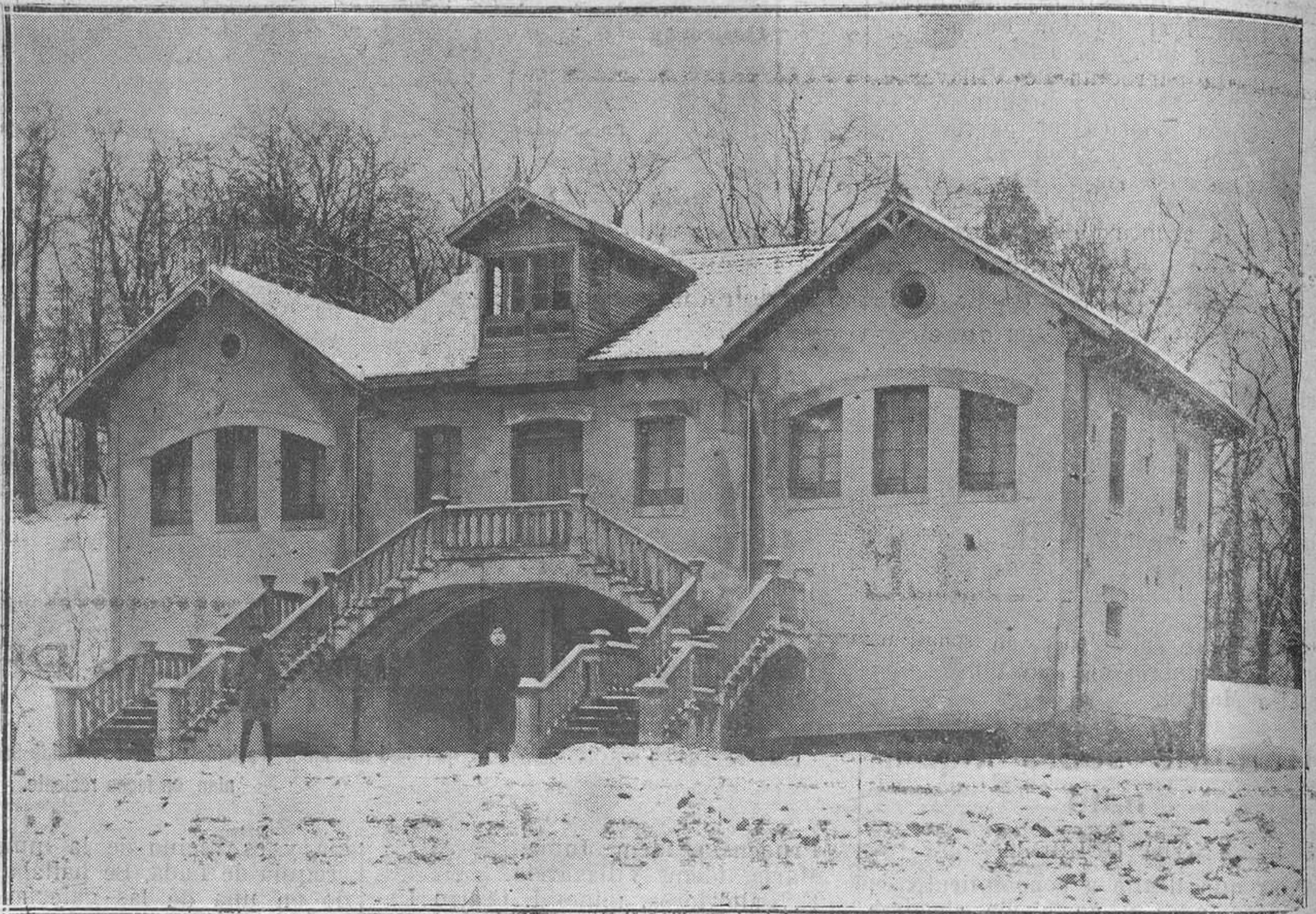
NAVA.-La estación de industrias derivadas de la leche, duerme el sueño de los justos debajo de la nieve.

****

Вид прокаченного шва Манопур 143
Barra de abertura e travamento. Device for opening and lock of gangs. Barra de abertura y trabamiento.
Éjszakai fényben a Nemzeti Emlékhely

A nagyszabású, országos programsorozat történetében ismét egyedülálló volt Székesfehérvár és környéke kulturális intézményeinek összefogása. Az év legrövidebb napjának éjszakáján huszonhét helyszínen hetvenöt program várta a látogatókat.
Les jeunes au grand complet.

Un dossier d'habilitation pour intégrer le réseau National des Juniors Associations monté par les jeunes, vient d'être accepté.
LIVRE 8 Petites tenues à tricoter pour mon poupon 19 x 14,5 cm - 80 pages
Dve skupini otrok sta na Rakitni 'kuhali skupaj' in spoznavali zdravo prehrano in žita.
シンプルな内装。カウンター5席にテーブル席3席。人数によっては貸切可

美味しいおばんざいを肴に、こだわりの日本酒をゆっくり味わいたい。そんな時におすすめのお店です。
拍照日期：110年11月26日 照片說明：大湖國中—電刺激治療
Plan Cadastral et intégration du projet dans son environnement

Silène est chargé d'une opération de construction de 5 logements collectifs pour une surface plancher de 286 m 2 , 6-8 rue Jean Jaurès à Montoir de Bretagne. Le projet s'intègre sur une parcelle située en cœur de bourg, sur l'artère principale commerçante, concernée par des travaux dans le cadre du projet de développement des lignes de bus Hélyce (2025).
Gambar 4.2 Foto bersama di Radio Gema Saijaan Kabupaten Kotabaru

****

About this task
Above are the entries. Quote exactly the lines from the one bearing "美味しいおばんざいを肴に、こ" through the one bearing "Gambar 4.2 Foto".

Your solution
美味しいおばんざいを肴に、こだわりの日本酒をゆっくり味わいたい。そんな時におすすめのお店です。
拍照日期：110年11月26日 照片說明：大湖國中—電刺激治療
Plan Cadastral et intégration du projet dans son environnement

Silène est chargé d'une opération de construction de 5 logements collectifs pour une surface plancher de 286 m 2 , 6-8 rue Jean Jaurès à Montoir de Bretagne. Le projet s'intègre sur une parcelle située en cœur de bourg, sur l'artère principale commerçante, concernée par des travaux dans le cadre du projet de développement des lignes de bus Hélyce (2025).
Gambar 4.2 Foto bersama di Radio Gema Saijaan Kabupaten Kotabaru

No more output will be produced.